Nothing but the lines from the start of the data through the line with "Raeesa ist ein" should appear in the answer, each retyped exactly, and pictures should not.
START Input records
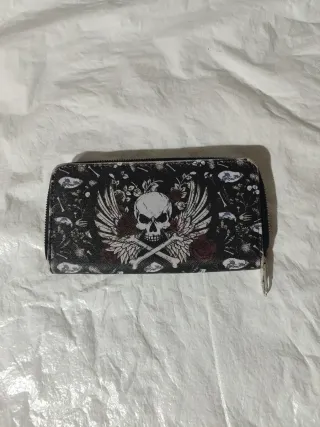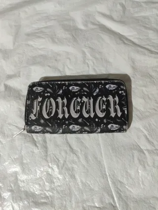 Cartera monedero con cremallera, con un diseño llamativo de calavera, alas,rosas y texto forever en letras góticas. - Estampado detallado. - Cierre de cremallera. - cartera larga, 20cm
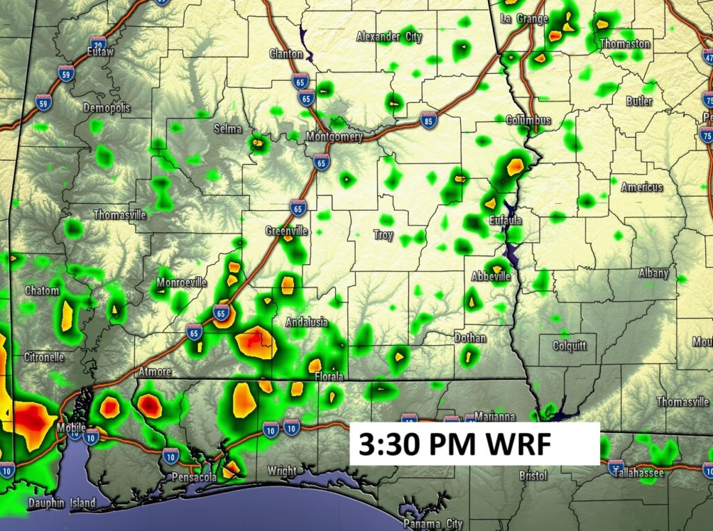 FUTURE RADAR:  Not as many storms expected on the radar today.  Most showers and storms from about US 80/I-85 southward, peaking late afternoon and into the early evening before fading out.
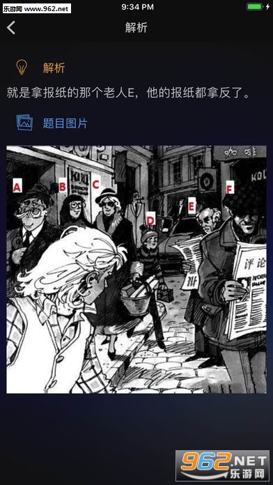 题目分图片和文字类型,每一题都有详细的解析,如果你能够不看解析就能侦破案件的话,那你很棒棒哦!
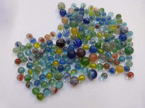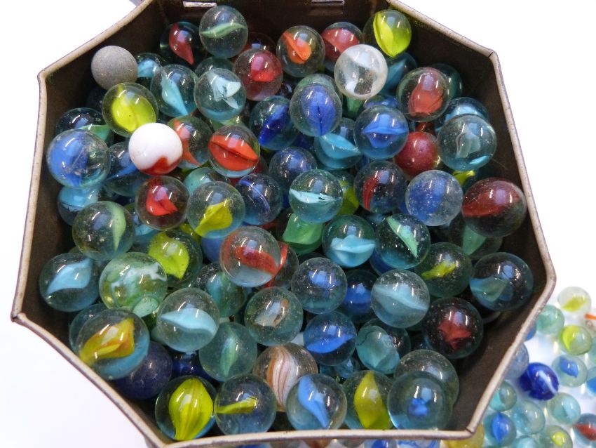 Over 700 various glass marbles all with multi-coloured decoration, largest approximately 25mm in diameter.
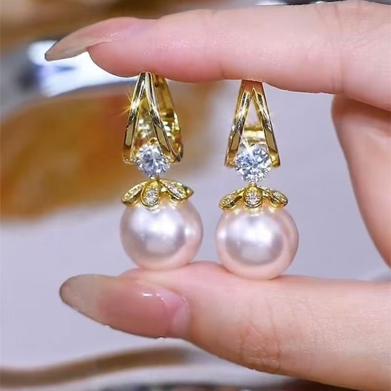 French Style Light Luxury High-end Micro-set Pearl Earrings 2024 New Elegant Exquisite Earrings Women's Fashionable All-match Earrings
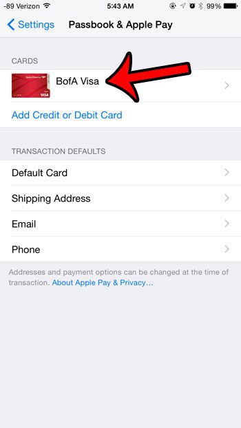 Tämän artikkelin vaiheet suoritettiin iPhone 6 Plus -sovelluksella iOS 8.4: ssä. Nämä samat vaiheet toimivat muiden iPhone -mallien kanssa, jotka ovat yhteensopivia Apple Pay: n kanssa, ja käyttävät iOS 8 tai korkeampia.
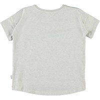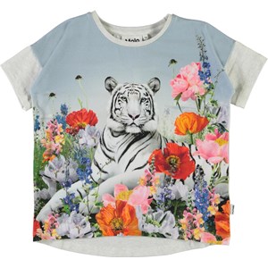 Raeesa ist ein T-Shirt mit einer oversized Passform und humoristischen Druck eines weißen Tigers in einem Feld von schönen Blumen. T-Shirt hat hellgrau Rückseite. Ecocert Greenlife, certifikationsnr. 197496.
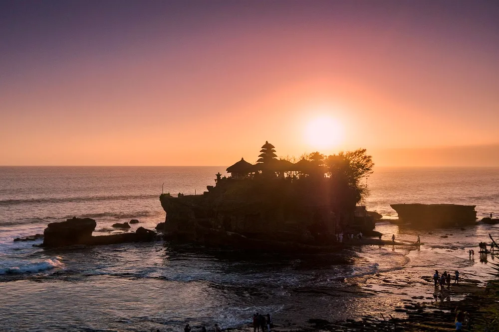 Tanah Lot Temple, perched on a rock formation surrounded by waves, is a breathtaking sight, especially during sunset. The changing colours of the sky provide a stunning backdrop, making it a favourite subject for photographers. The golden hour lighting enhances the temple’s unique Balinese architecture and cultural significance.
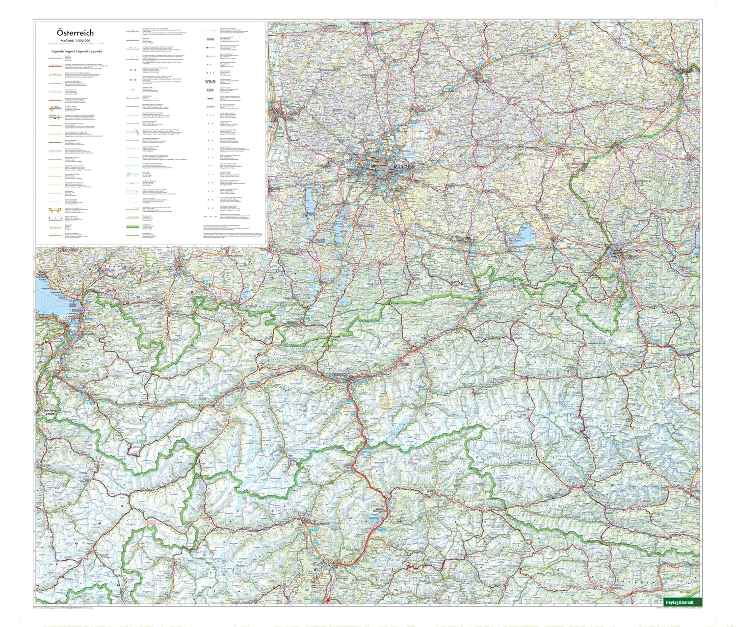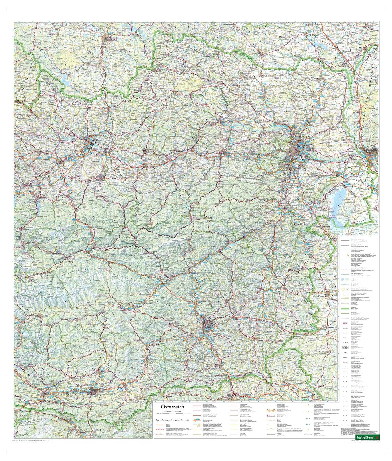 Oostenrijk fb 1:300.000Met de wegenkaart van Oostenrijk op schaal 1:300.000 kunnen vakantiegangers die met de auto, motor of caravan onderweg zijn, zich uitstekend oriënteren. Het wijdvertakte wegennet is nauwkeurig weergegeven, afstanden en vele uitstapjes zijn op de kaart aangegeven.
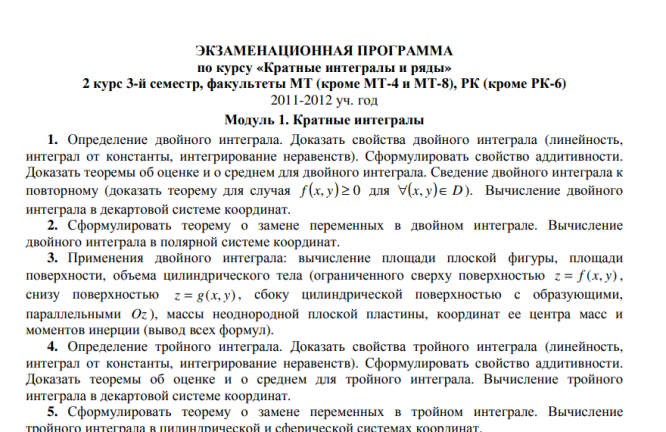 Для студентов МГТУ им. Н.Э.Баумана по предмету Кратные интегралы и рядыВопросы к экзамену по Кратным интегралам, теории поля, рядам и численным методамВопросы к экзамену по Кратным интегралам, теории поля, рядам и численным методам
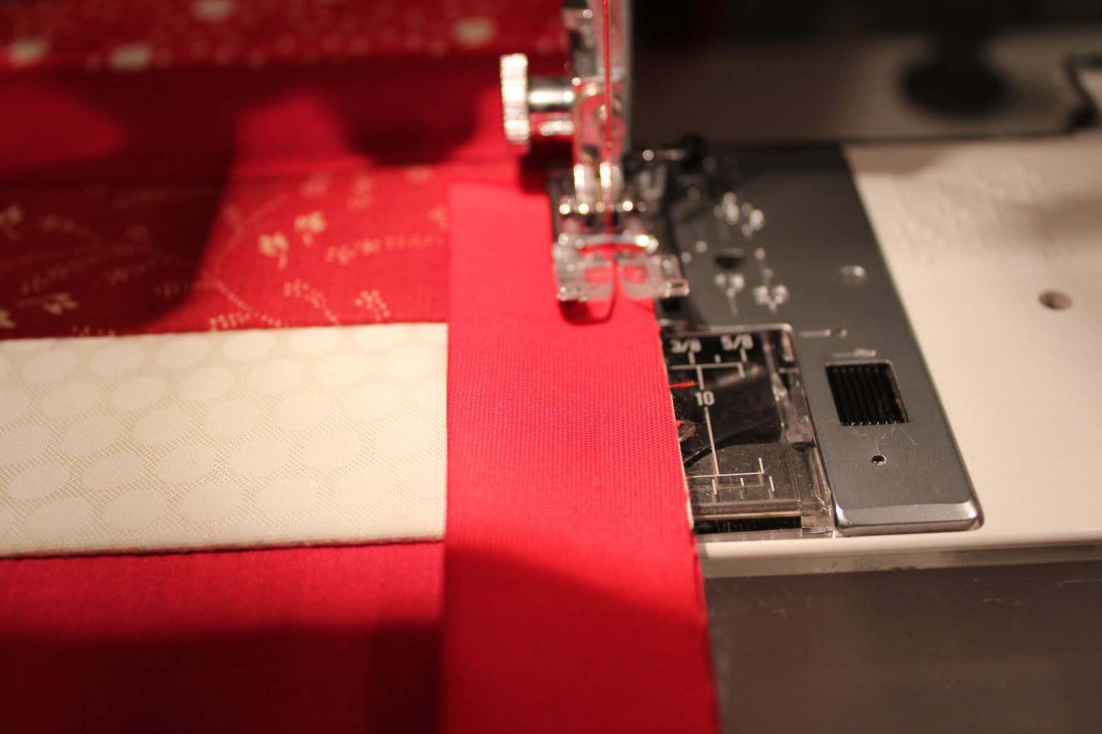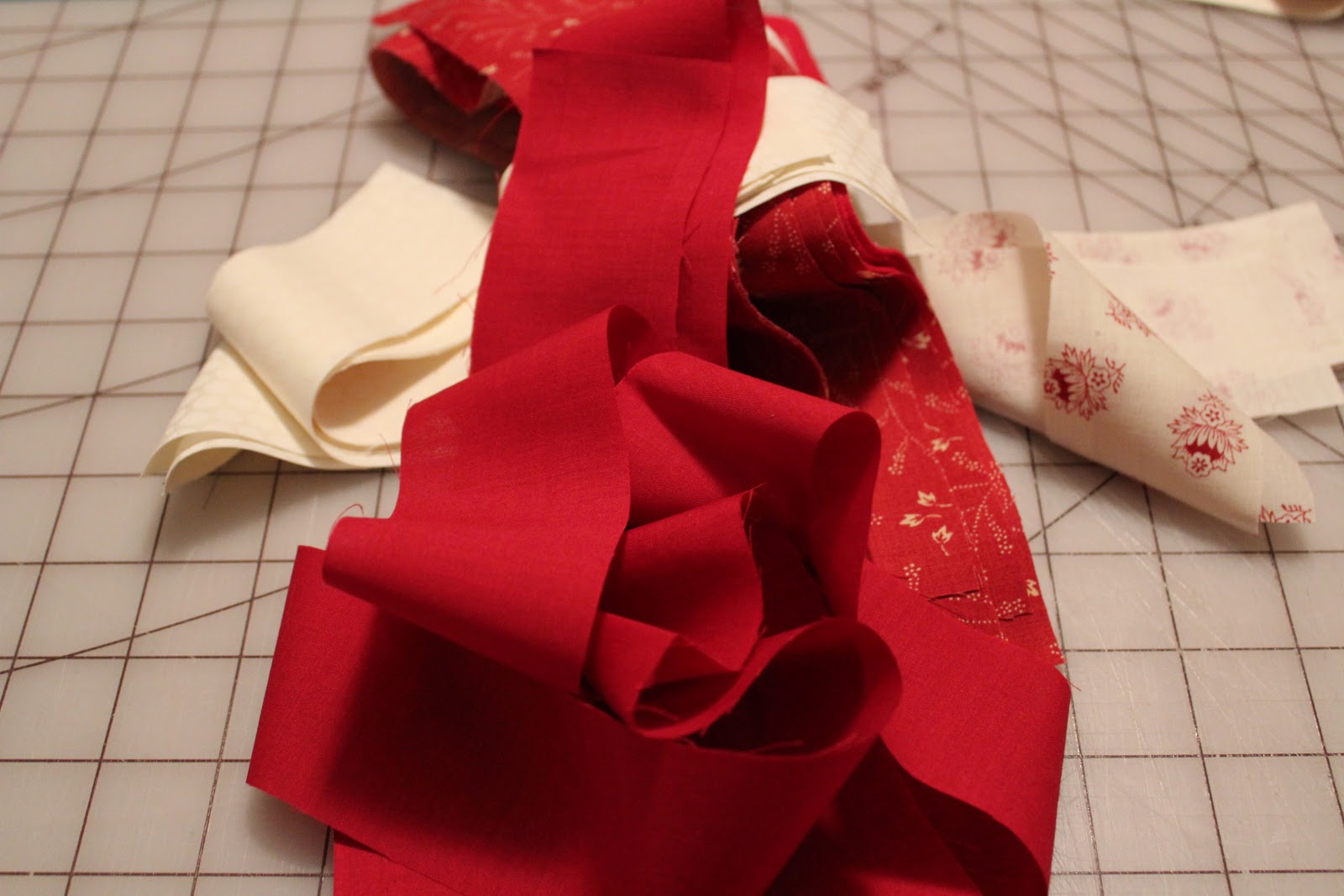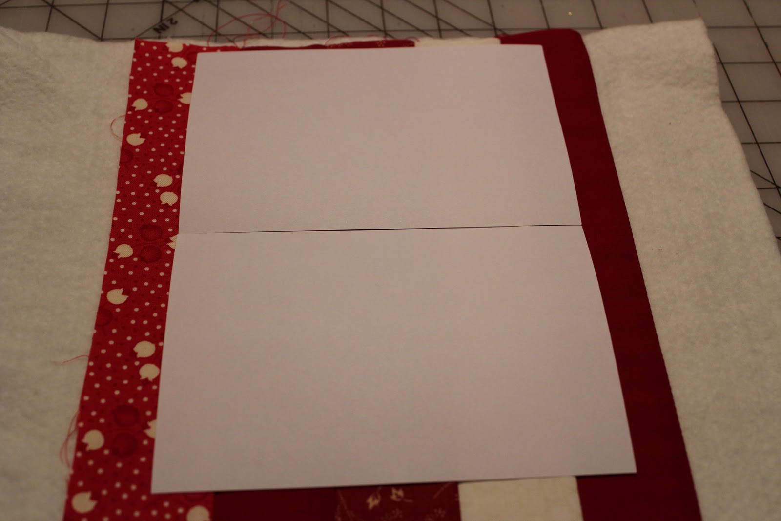 You’ll need: Fabric strips (mine were all 2″, but any size, even different sizes would work); index cards; batting scraps (at least as large as your index card), glue; and a scrap of fabric for the heart.
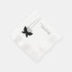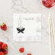 La servilleta de papel de la mariposa negra tiene una elegante mariposa negra con alas de propagación y un par de antenas de rizos, todo sobre fondo blanco. © Morning 6
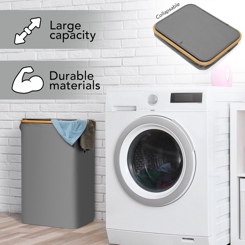 Luxe Laundry Clothing Hamper - 145L XL Laundry Basket with Bamboo Lid & Removable Inner Bag for Dirty Clothes - Free Standing, Tall, Collapsible, High-Capacity & Stylish Design Basket Bin, Gray
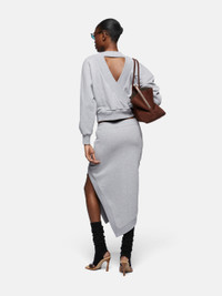 Midi skirt with slit in melange grey and beige double american fleece. Made in Italy. Style 250WCS00263JJF007AA876 SIZE & FIT The model is wearing a size 40 and her height is 69,6 in, bust 30,7 in, waist 23,2 in, hips 34,6 in - height 177 cm, bust 78 cm, waist 59 cm, hips 88 cm. Regular fit. We recommend taking your true size. DETAILS Main Material: 100% cotton, second material: 95% cotton 5% elastane
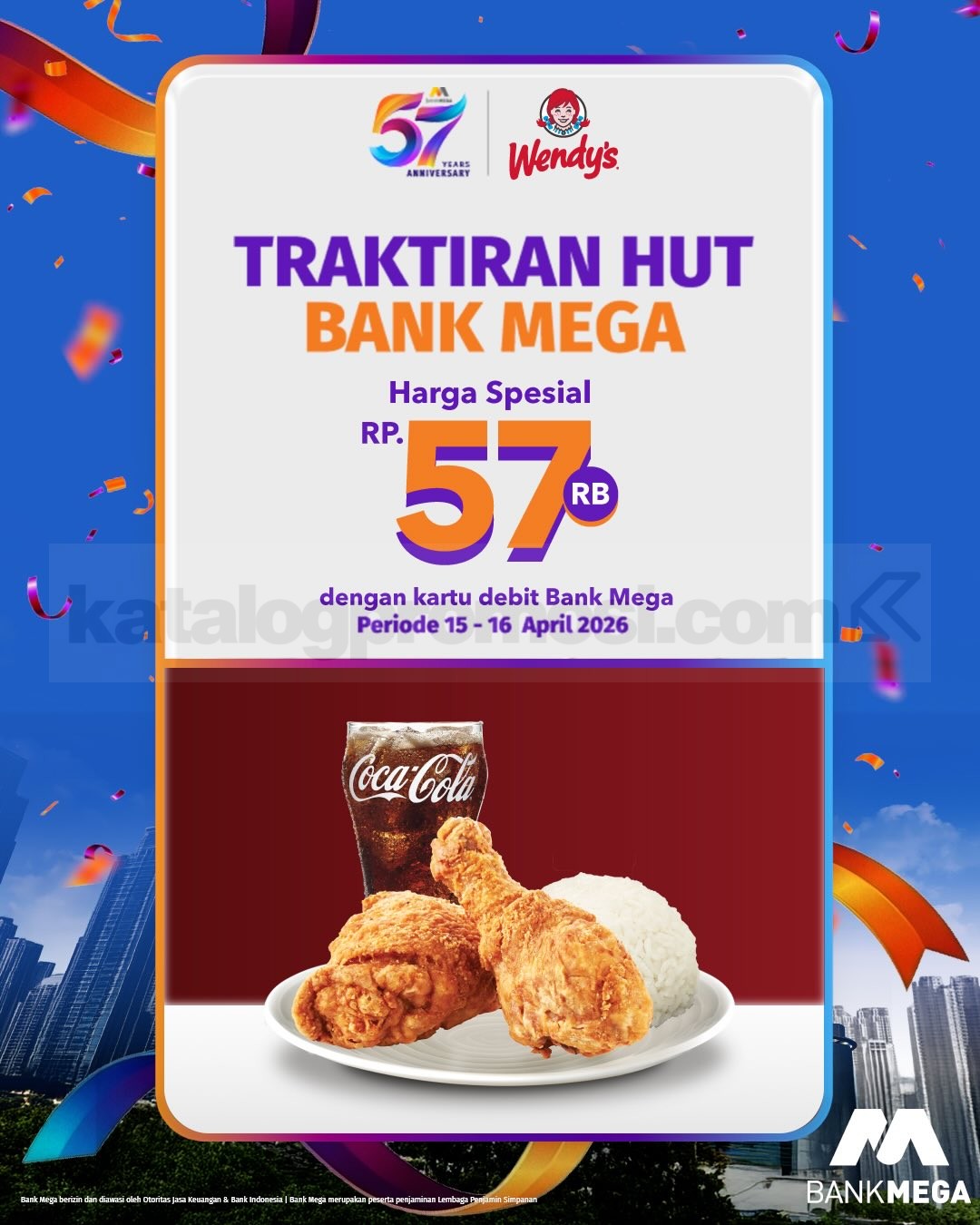 Promo Wendy’s HUT Bank Mega Diskon Hingga 57% dan combo 57rb bayar kartu Mega berlaku 15 April 2026 – 16 April 2026 di outlet tertentu
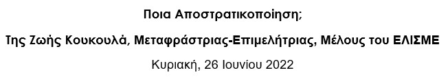 Της Ζωής Κουκουλά, Μεταφράστριας-Επιμελήτριας, Μέλους του ΕΛΙΣΜΕ
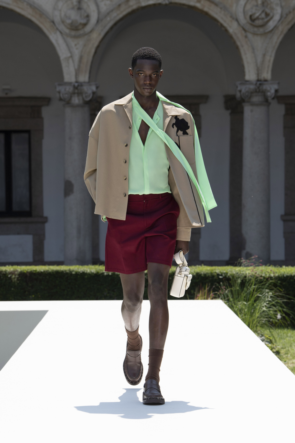 Pierpaolo Piccioli以全新角度審視男裝系列,譜寫新時代的男性氣質,版型硬挺,加上俐落剪裁,下身搭配短褲,從Valentino經典Valentino紅、Pink PP螢光粉,到藍與綠,煥發時髦活力的形象。
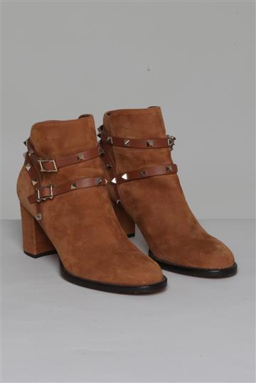 Bota Valentino Ankle Boot Camurça Rockstud Caramelo
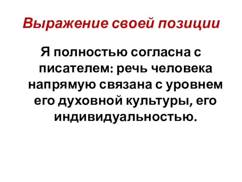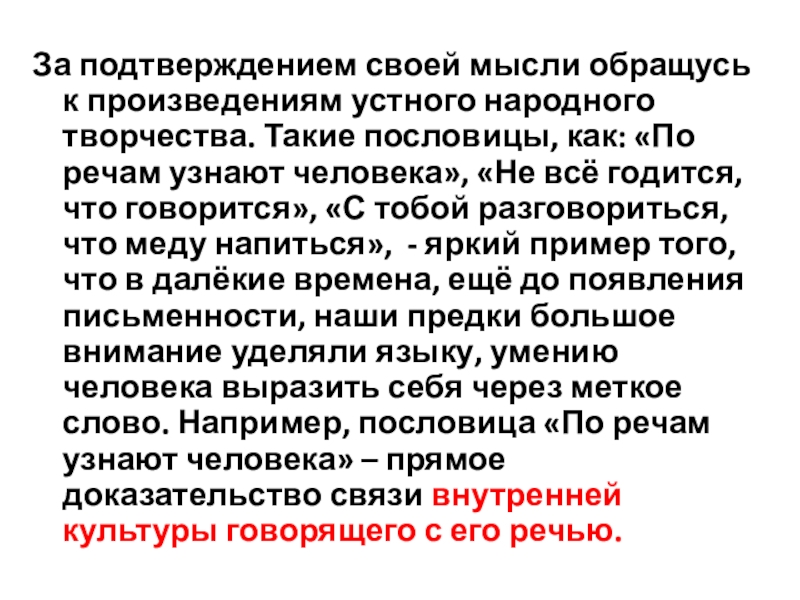 Я полностью согласна с писателем: речь человека напрямую связана с уровнем его духовной культуры, его индивидуальностью. За подтверждением своей мысли обращусь к произведениям устного народного творчества. Такие пословицы, как: «По речам узнают человека», «Не всё годится, что говорится», «С тобой разговориться, что меду напиться», - яркий пример того, что в далёкие времена, ещё до появления письменности, наши предки большое внимание уделяли языку, умению человека выразить себя через меткое слово. Например, пословица «По речам узнают человека» – прямое доказательство связи внутренней культуры говорящего с его речью.
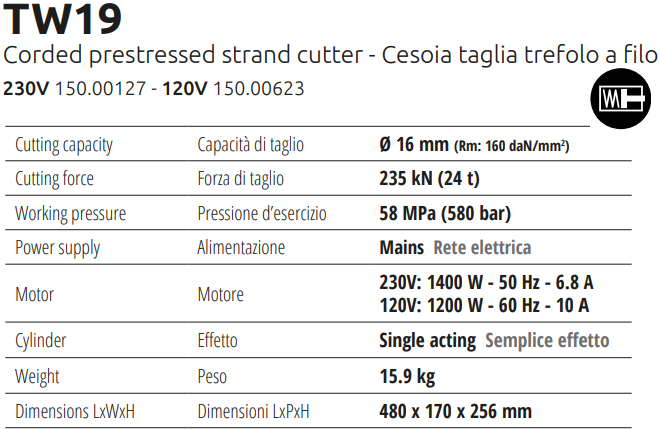 - Máy cắt thép thủy lực Edilgrappa 150.00127 có áp hoạt động < 580 bar, công suất động cơ: 1400 W, sử dụng nguồn điện 220-240V/50Hz/1ph, nguồn điện phổ dụng tại Việt Nam.
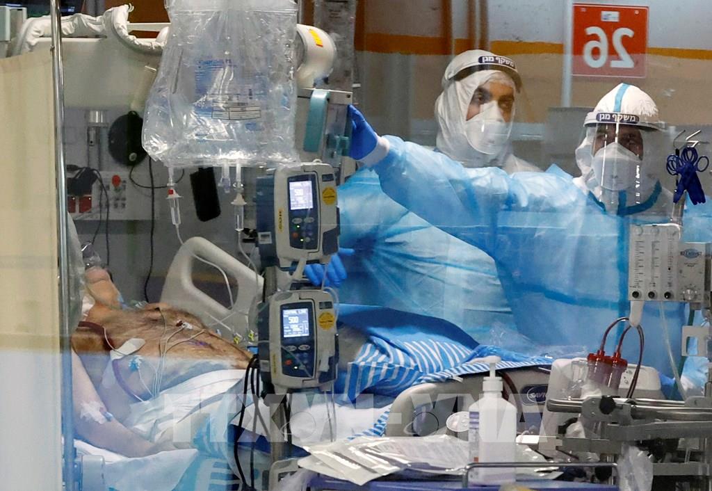 Số bệnh nhân COVID-19 trên toàn thế giới điểm mốc 200 triệu ca vào sáng 4/8/2021, trong bối cảnh tốc độ lây lan dịch trên toàn thế giới đang trở lại mức báo động. Mức độ lây lan hiện nay đã tương đương giai đoạn điểm đỉnh dịch hồi tháng 7 năm ngoái, tức là cứ 2 ngày có thêm 1 triệu ca nhiễm mới, nguyên nhân chủ yếu là do biến thể Delta của virus SARS-CoV-2. Trong ảnh: Bệnh nhân COVID-19 được điều trị tại bệnh viện ở Tel Aviv, Israel. Ảnh: AFP/ TTXVN
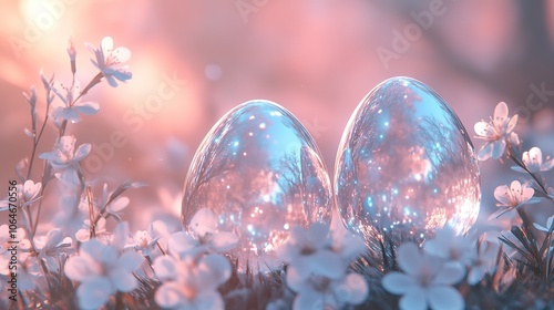 © Ilya, Fototapeta premium Eggs with flower, Easter.
END Input records
▶ [Your solution]:
 Cartera monedero con cremallera, con un diseño llamativo de calavera, alas,rosas y texto forever en letras góticas. - Estampado detallado. - Cierre de cremallera. - cartera larga, 20cm
 FUTURE RADAR:  Not as many storms expected on the radar today.  Most showers and storms from about US 80/I-85 southward, peaking late afternoon and into the early evening before fading out.
 题目分图片和文字类型,每一题都有详细的解析,如果你能够不看解析就能侦破案件的话,那你很棒棒哦!
 Over 700 various glass marbles all with multi-coloured decoration, largest approximately 25mm in diameter.
 French Style Light Luxury High-end Micro-set Pearl Earrings 2024 New Elegant Exquisite Earrings Women's Fashionable All-match Earrings
 Tämän artikkelin vaiheet suoritettiin iPhone 6 Plus -sovelluksella iOS 8.4: ssä. Nämä samat vaiheet toimivat muiden iPhone -mallien kanssa, jotka ovat yhteensopivia Apple Pay: n kanssa, ja käyttävät iOS 8 tai korkeampia.
 Raeesa ist ein T-Shirt mit einer oversized Passform und humoristischen Druck eines weißen Tigers in einem Feld von schönen Blumen. T-Shirt hat hellgrau Rückseite. Ecocert Greenlife, certifikationsnr. 197496.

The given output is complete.